Article Image

IPFS News Link • Federal Reserve

How The Fed Enabled Corporate Kingpins To Scalp Billions

• https://dailyreckoning.com

Here's a comparison that is surely vertigo inducing. On the one hand, the financial system is implicitly held to be so incredibly stable and healthy that volatility on the S&P 500 has been driven to 50-year lows.

Indeed, that lovely condition is apparently expected to persist indefinitely as signaled by implied volatility. During the last 6,000 trading days (since the early 1990s), the VIX Index closed below 10 on 26 occasions or just 0.4% of the time. No less than 16 out of those 26'below-10' closes occurred in the last three months!

Yet this insensible bullish calm is happening even as Wall Street is showing itself to be in the throes of unhinged leveraged speculation.

With respect to the unhinged part, consider an incisive post by Wolf Richter on the present carnage in the retail sector. His point was that virtually every one of the rash of companies filing bankruptcy in the sector during the recent past had been strip-mined by private equity operators:

Nearly every retail chain caught up in the brick & mortar meltdown is an LBO queen – acquired in a leveraged buyout by a private equity firm either during the LBO boom before the Financial Crisis or in the years of ultra-cheap money following it.

But Richter's real point is that the private equity operators in the retail space brought down a double-whammy of leverage on the companies they ransacked. That is, they first loaded up the companies with buyout debt, and then came back for second and third helpings.

Accordingly, since 2010, retail chains controlled by private equity firms issued $91 billion in junk bonds and leveraged loans.

Needless to say, in drastically falsifying debt prices in order to stimulate housing and other investments, the Fed had no clue about the collateral effects of its massive and persistent intrusion in the delicate clockwork of capital markets pricing.

So when Janet Yellen & Co profess to see no bubbles they prove their own clueless incompetence. Do they actually think that this would happen in a free market with honest money and market-clearing interest rates?

The question answers itself.

In fact, the asset stripping pattern is every bit as irrational and toxic as were the slicing and dicing of subprime mortgage pools in the run-up to the 2008 financial crisis.

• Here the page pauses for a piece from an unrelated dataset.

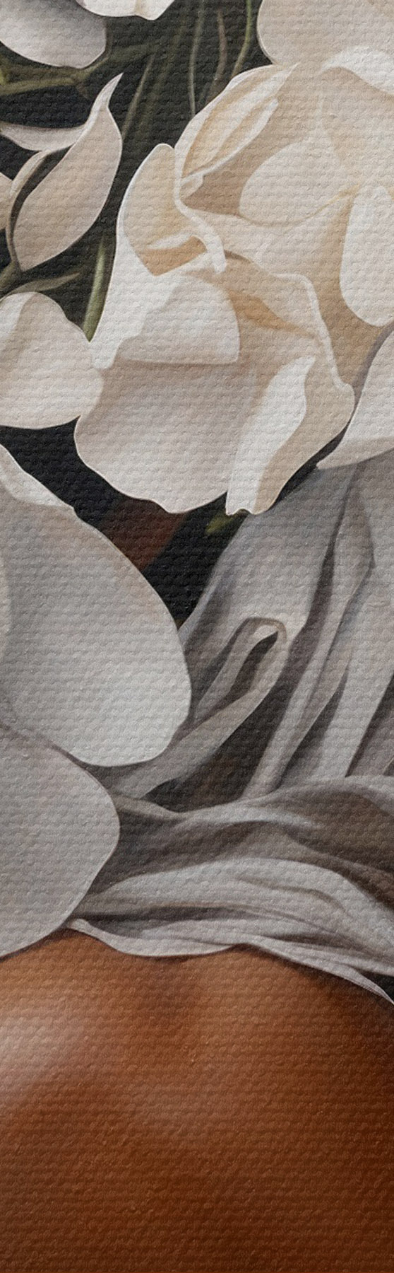La fine trama dei fili di questa tela ricorda la superficie delle tele degli artisti professionisti.

Needless to say, so-called "investors" piled into the flood of dodgy paper because they were desperate for yield. In the dollar fixed income markets, $3.5 trillion of the Fed's U.S. Treasury and other securities purchases after September 2008 drove real interest rates so low that it virtually forced money managers to scramble out the risk curve in order to find minimally attractive yields.

So doing, they enabled strip-mining transactions that resulted in the eventual destruction of the debt issuers and vast windfall distributions to a few hundred corporate kingpins.